◆ **Exercise details**
Write every record below out exactly; no images.

◆ **Material to process**
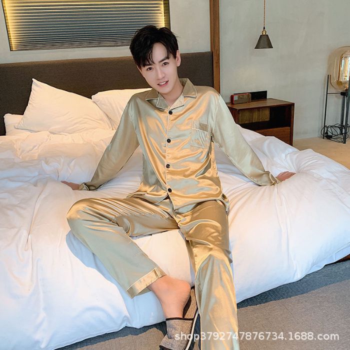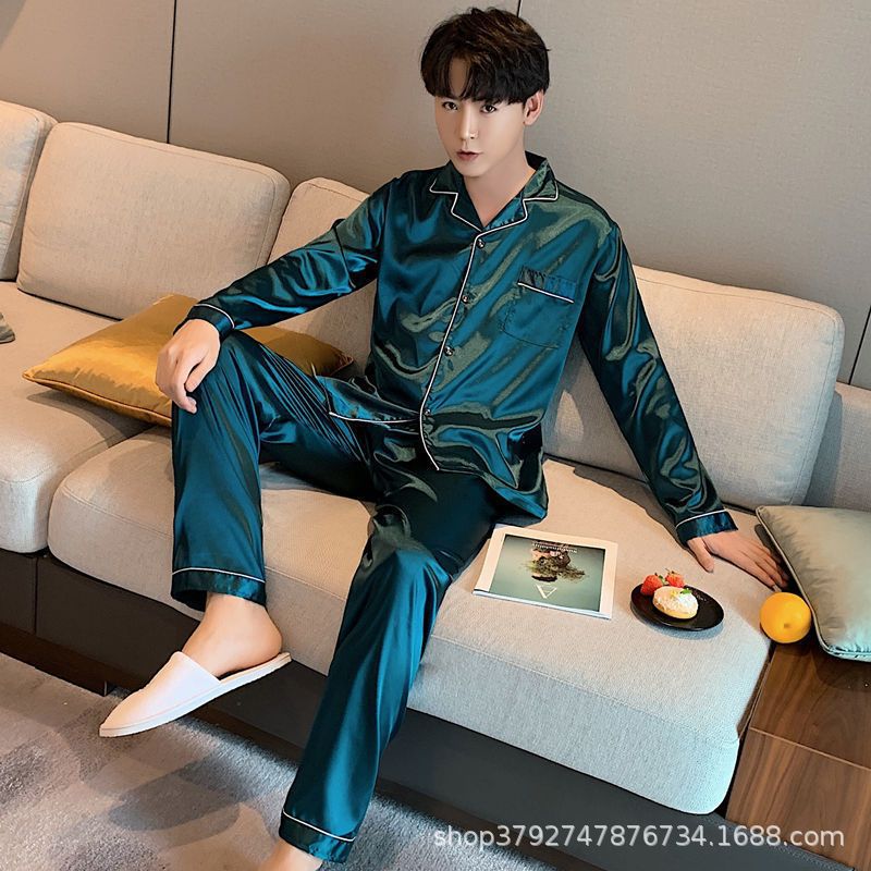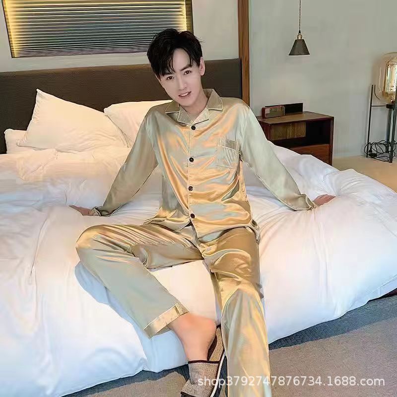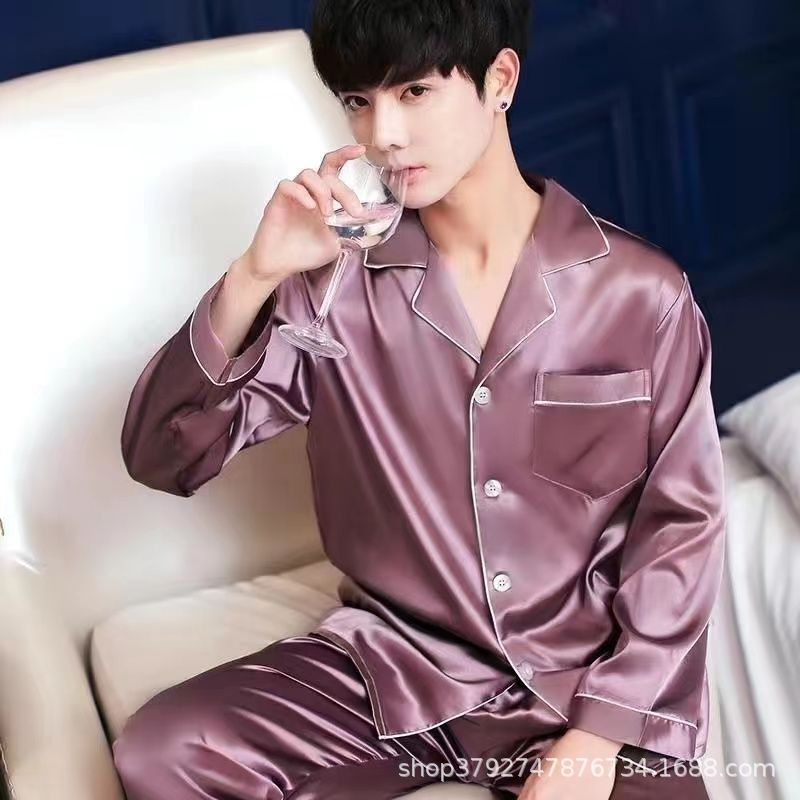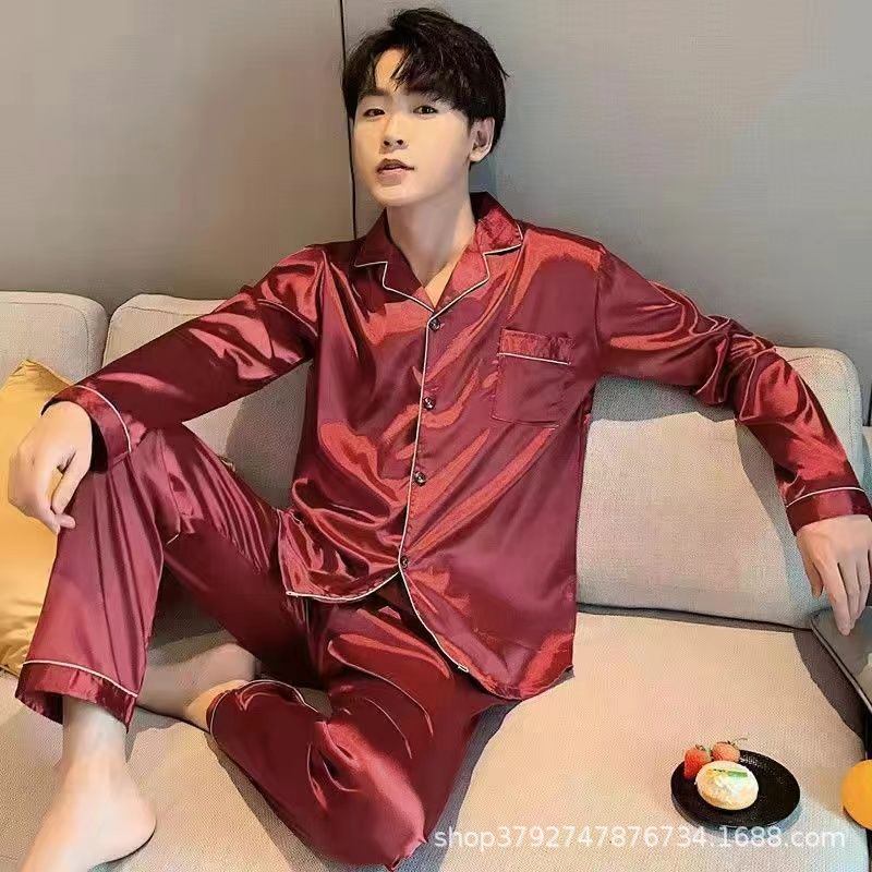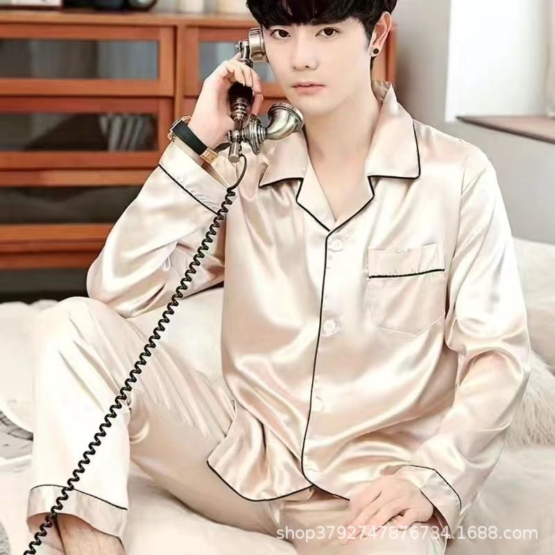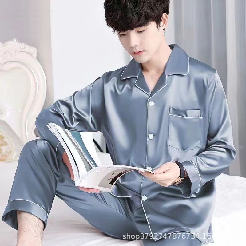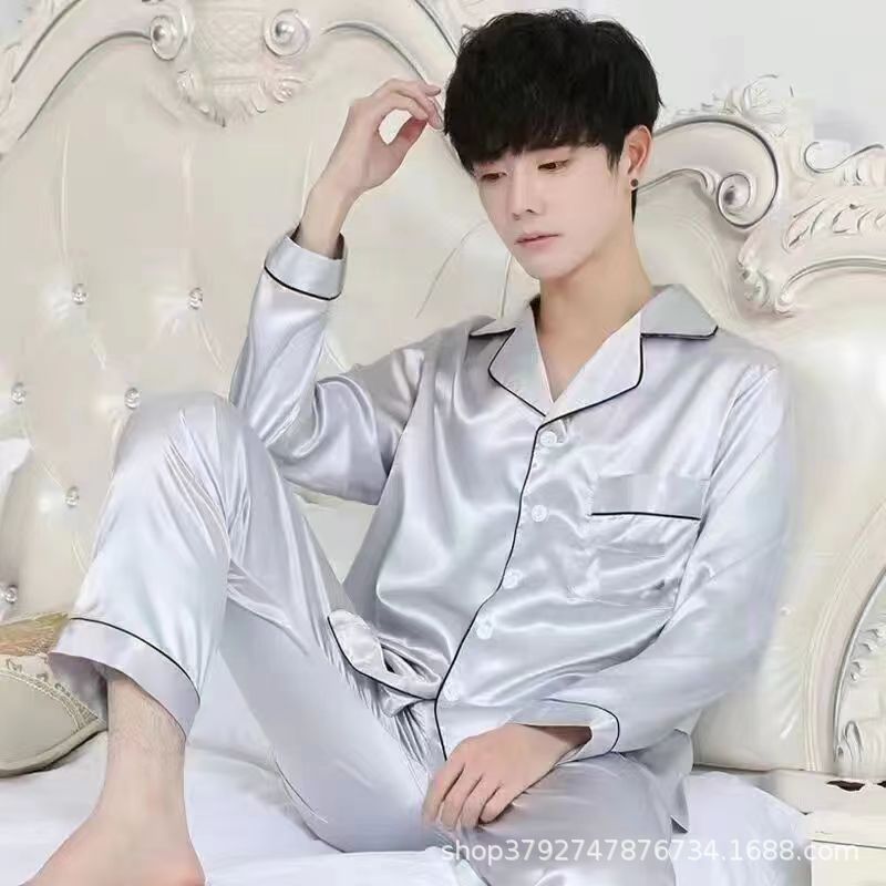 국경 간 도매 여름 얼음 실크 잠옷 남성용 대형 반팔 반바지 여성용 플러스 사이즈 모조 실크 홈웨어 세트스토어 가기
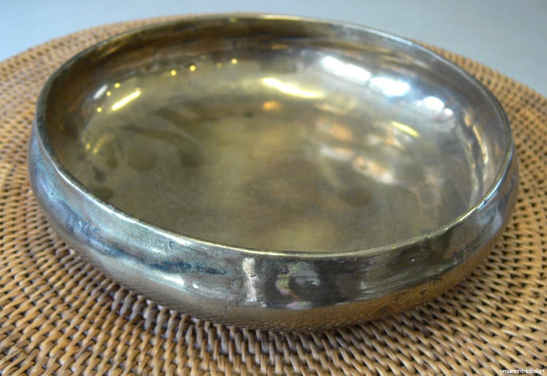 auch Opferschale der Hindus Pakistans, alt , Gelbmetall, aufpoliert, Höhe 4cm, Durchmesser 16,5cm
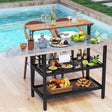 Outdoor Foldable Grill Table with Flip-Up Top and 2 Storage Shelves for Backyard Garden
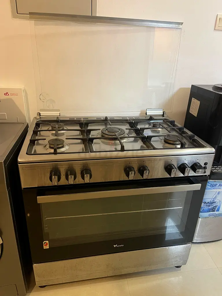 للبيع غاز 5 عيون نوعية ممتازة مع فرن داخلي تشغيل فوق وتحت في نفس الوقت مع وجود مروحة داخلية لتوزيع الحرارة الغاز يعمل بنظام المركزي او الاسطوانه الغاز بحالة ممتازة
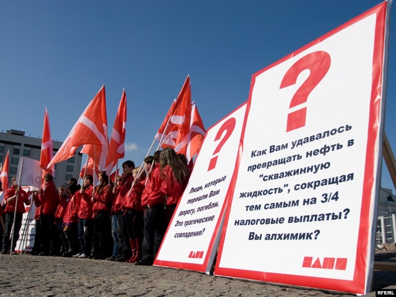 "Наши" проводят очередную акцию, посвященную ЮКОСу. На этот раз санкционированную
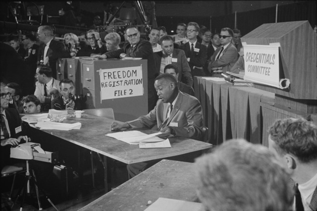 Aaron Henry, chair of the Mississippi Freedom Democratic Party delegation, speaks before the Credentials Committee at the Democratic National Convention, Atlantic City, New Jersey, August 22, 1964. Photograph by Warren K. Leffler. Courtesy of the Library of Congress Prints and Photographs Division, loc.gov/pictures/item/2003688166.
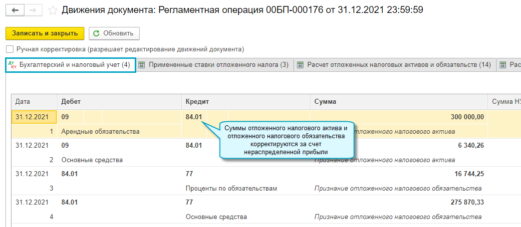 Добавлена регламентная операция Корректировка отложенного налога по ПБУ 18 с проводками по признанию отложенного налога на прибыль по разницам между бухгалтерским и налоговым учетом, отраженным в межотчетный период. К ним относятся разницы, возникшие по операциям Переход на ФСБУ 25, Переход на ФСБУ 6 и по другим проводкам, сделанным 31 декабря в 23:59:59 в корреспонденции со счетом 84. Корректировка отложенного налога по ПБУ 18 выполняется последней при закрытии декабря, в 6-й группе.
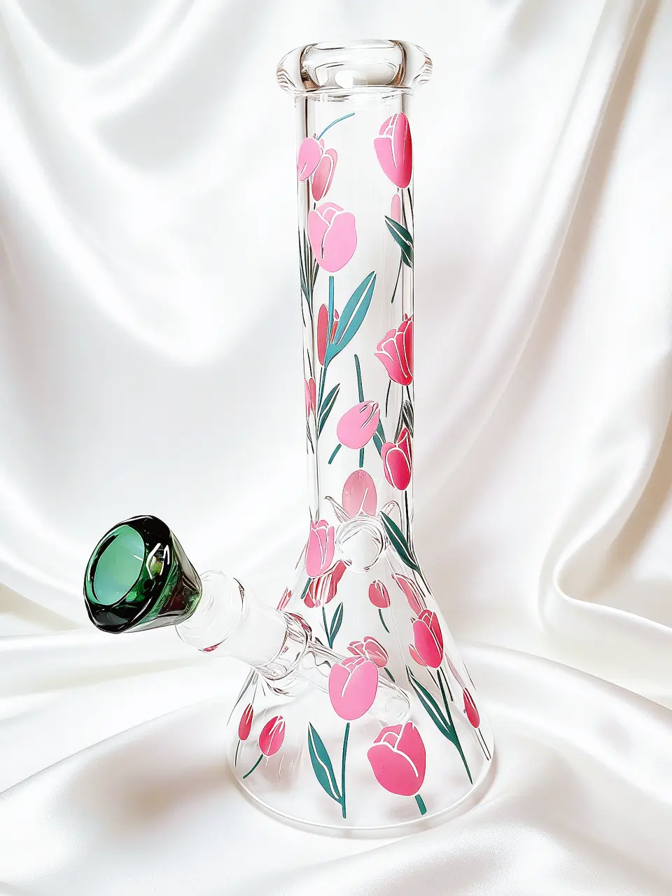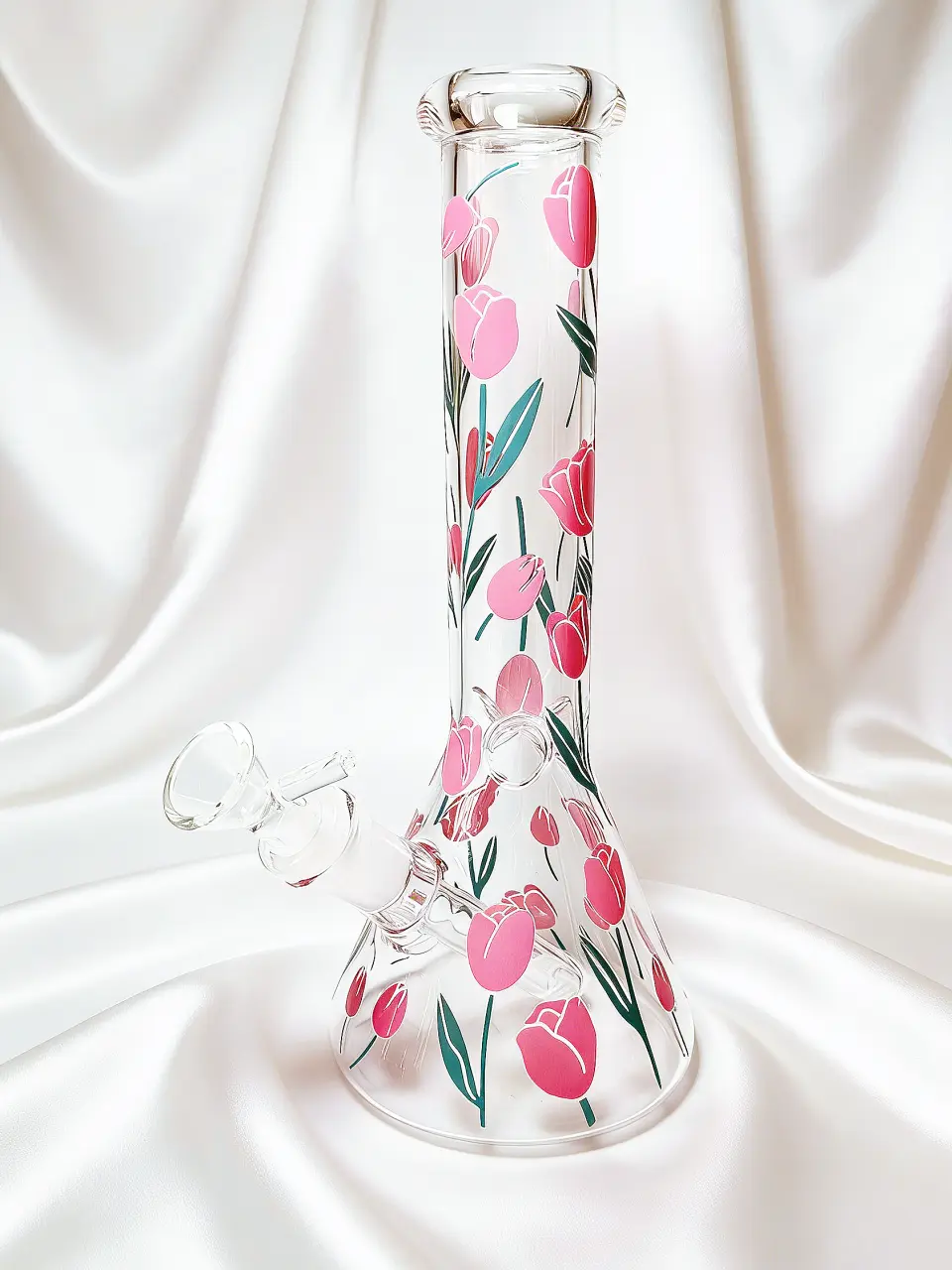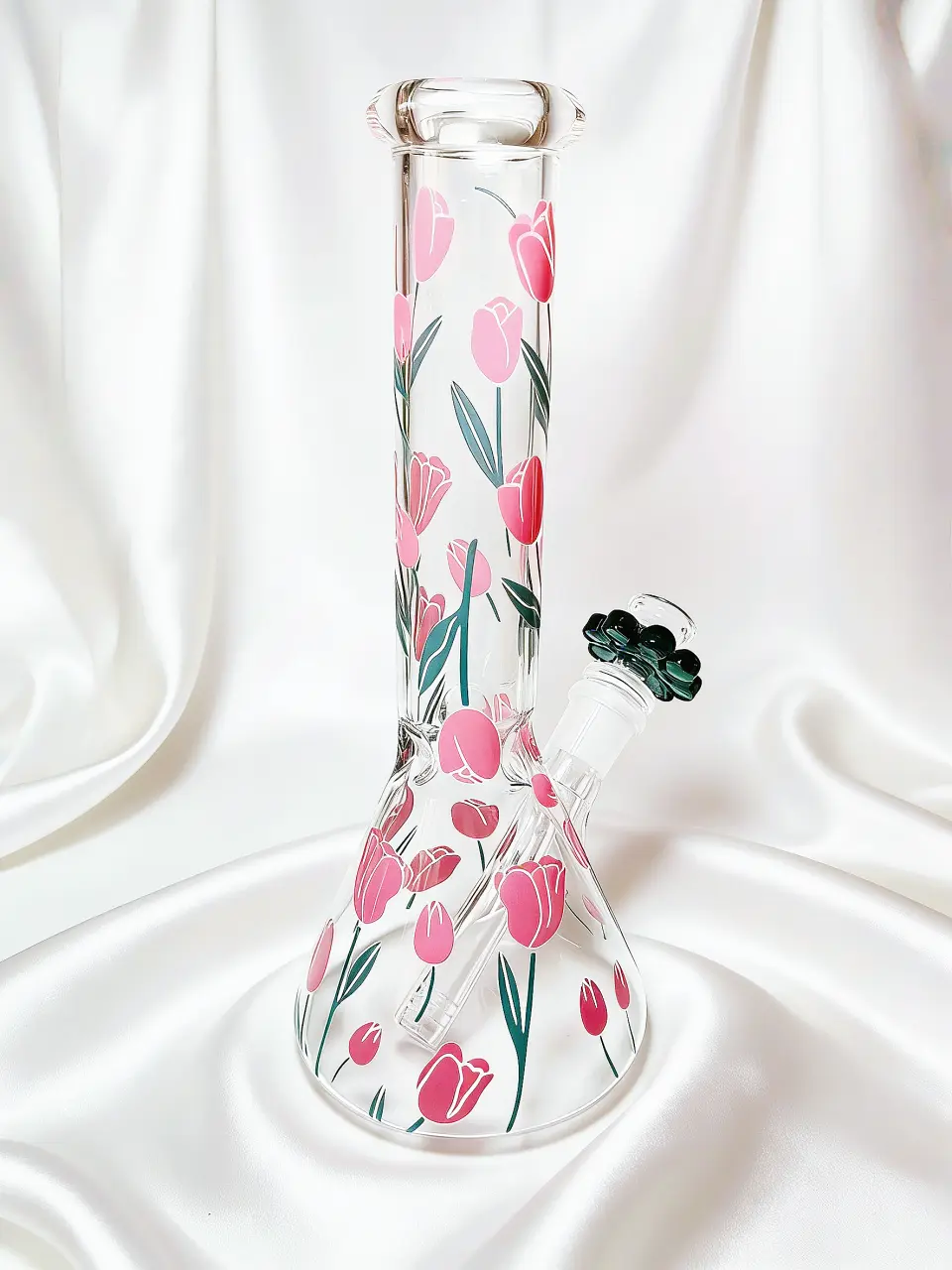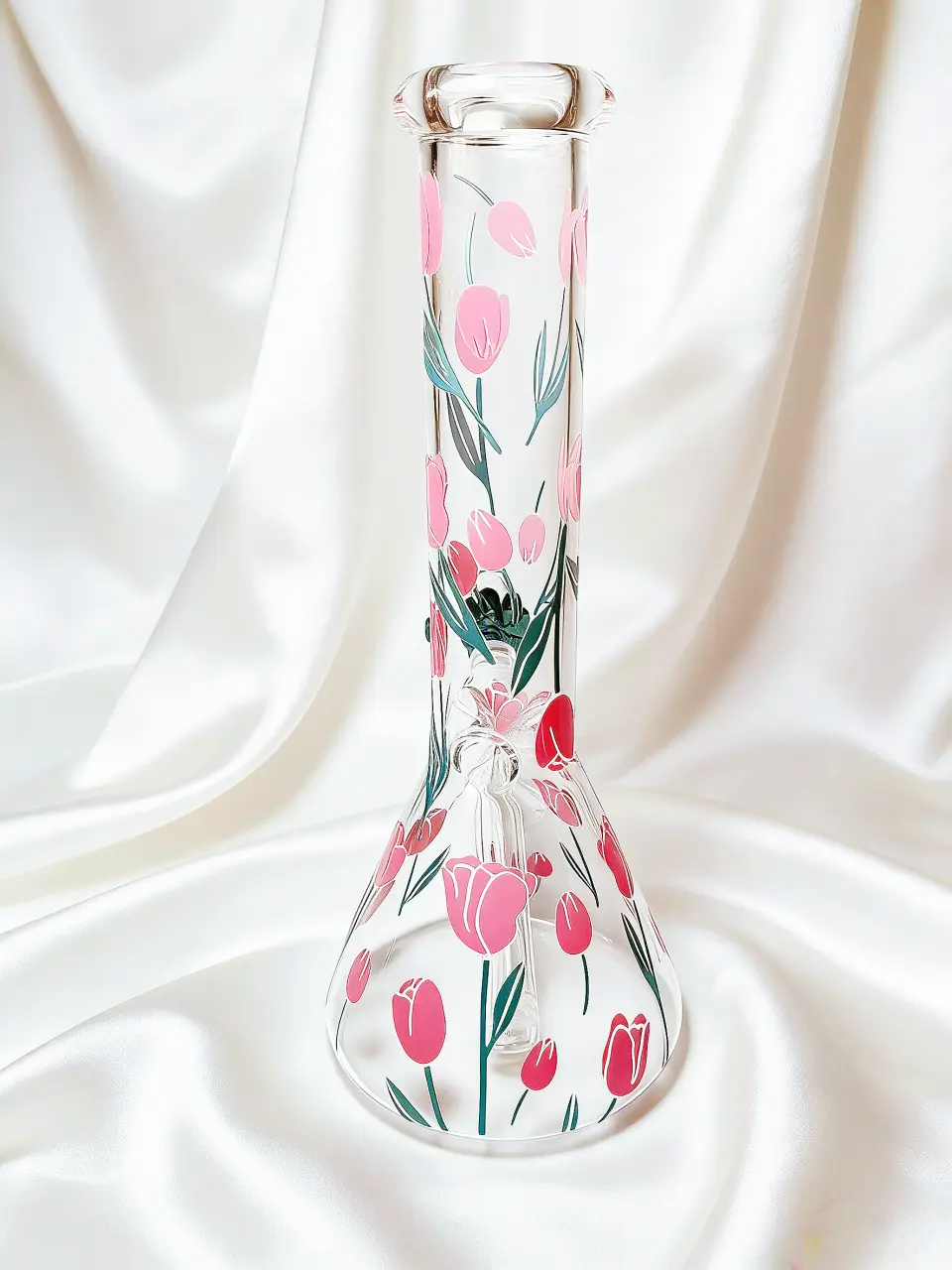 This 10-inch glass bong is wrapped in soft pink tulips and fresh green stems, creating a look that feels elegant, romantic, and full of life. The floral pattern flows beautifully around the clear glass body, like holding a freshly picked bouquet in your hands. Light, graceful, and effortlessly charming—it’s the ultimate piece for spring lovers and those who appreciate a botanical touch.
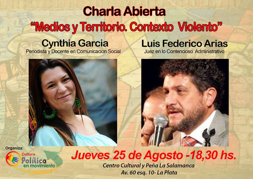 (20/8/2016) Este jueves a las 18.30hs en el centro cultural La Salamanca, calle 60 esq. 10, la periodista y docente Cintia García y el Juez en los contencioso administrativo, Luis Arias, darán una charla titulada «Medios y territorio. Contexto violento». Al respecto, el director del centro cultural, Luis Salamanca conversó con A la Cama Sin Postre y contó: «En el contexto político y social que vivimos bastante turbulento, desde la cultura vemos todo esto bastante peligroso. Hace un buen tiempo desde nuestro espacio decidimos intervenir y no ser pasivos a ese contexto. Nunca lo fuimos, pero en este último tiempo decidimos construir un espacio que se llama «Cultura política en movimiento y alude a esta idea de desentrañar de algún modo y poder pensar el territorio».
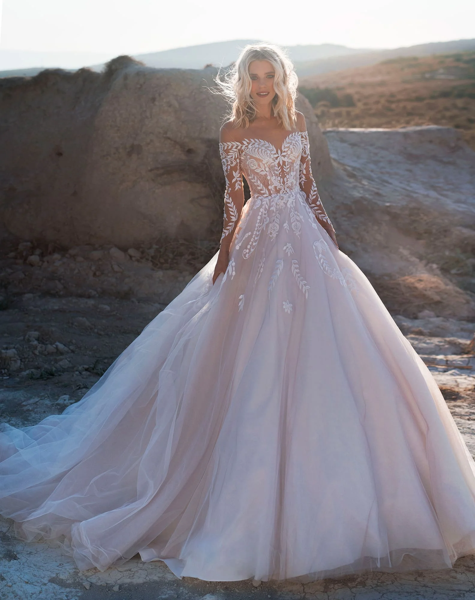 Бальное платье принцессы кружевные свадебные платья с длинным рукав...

◆ **Solution**
 국경 간 도매 여름 얼음 실크 잠옷 남성용 대형 반팔 반바지 여성용 플러스 사이즈 모조 실크 홈웨어 세트스토어 가기
 auch Opferschale der Hindus Pakistans, alt , Gelbmetall, aufpoliert, Höhe 4cm, Durchmesser 16,5cm
 Outdoor Foldable Grill Table with Flip-Up Top and 2 Storage Shelves for Backyard Garden
 للبيع غاز 5 عيون نوعية ممتازة مع فرن داخلي تشغيل فوق وتحت في نفس الوقت مع وجود مروحة داخلية لتوزيع الحرارة الغاز يعمل بنظام المركزي او الاسطوانه الغاز بحالة ممتازة
 "Наши" проводят очередную акцию, посвященную ЮКОСу. На этот раз санкционированную
 Aaron Henry, chair of the Mississippi Freedom Democratic Party delegation, speaks before the Credentials Committee at the Democratic National Convention, Atlantic City, New Jersey, August 22, 1964. Photograph by Warren K. Leffler. Courtesy of the Library of Congress Prints and Photographs Division, loc.gov/pictures/item/2003688166.
 Добавлена регламентная операция Корректировка отложенного налога по ПБУ 18 с проводками по признанию отложенного налога на прибыль по разницам между бухгалтерским и налоговым учетом, отраженным в межотчетный период. К ним относятся разницы, возникшие по операциям Переход на ФСБУ 25, Переход на ФСБУ 6 и по другим проводкам, сделанным 31 декабря в 23:59:59 в корреспонденции со счетом 84. Корректировка отложенного налога по ПБУ 18 выполняется последней при закрытии декабря, в 6-й группе.
 This 10-inch glass bong is wrapped in soft pink tulips and fresh green stems, creating a look that feels elegant, romantic, and full of life. The floral pattern flows beautifully around the clear glass body, like holding a freshly picked bouquet in your hands. Light, graceful, and effortlessly charming—it’s the ultimate piece for spring lovers and those who appreciate a botanical touch.
 (20/8/2016) Este jueves a las 18.30hs en el centro cultural La Salamanca, calle 60 esq. 10, la periodista y docente Cintia García y el Juez en los contencioso administrativo, Luis Arias, darán una charla titulada «Medios y territorio. Contexto violento». Al respecto, el director del centro cultural, Luis Salamanca conversó con A la Cama Sin Postre y contó: «En el contexto político y social que vivimos bastante turbulento, desde la cultura vemos todo esto bastante peligroso. Hace un buen tiempo desde nuestro espacio decidimos intervenir y no ser pasivos a ese contexto. Nunca lo fuimos, pero en este último tiempo decidimos construir un espacio que se llama «Cultura política en movimiento y alude a esta idea de desentrañar de algún modo y poder pensar el territorio».
 Бальное платье принцессы кружевные свадебные платья с длинным рукав...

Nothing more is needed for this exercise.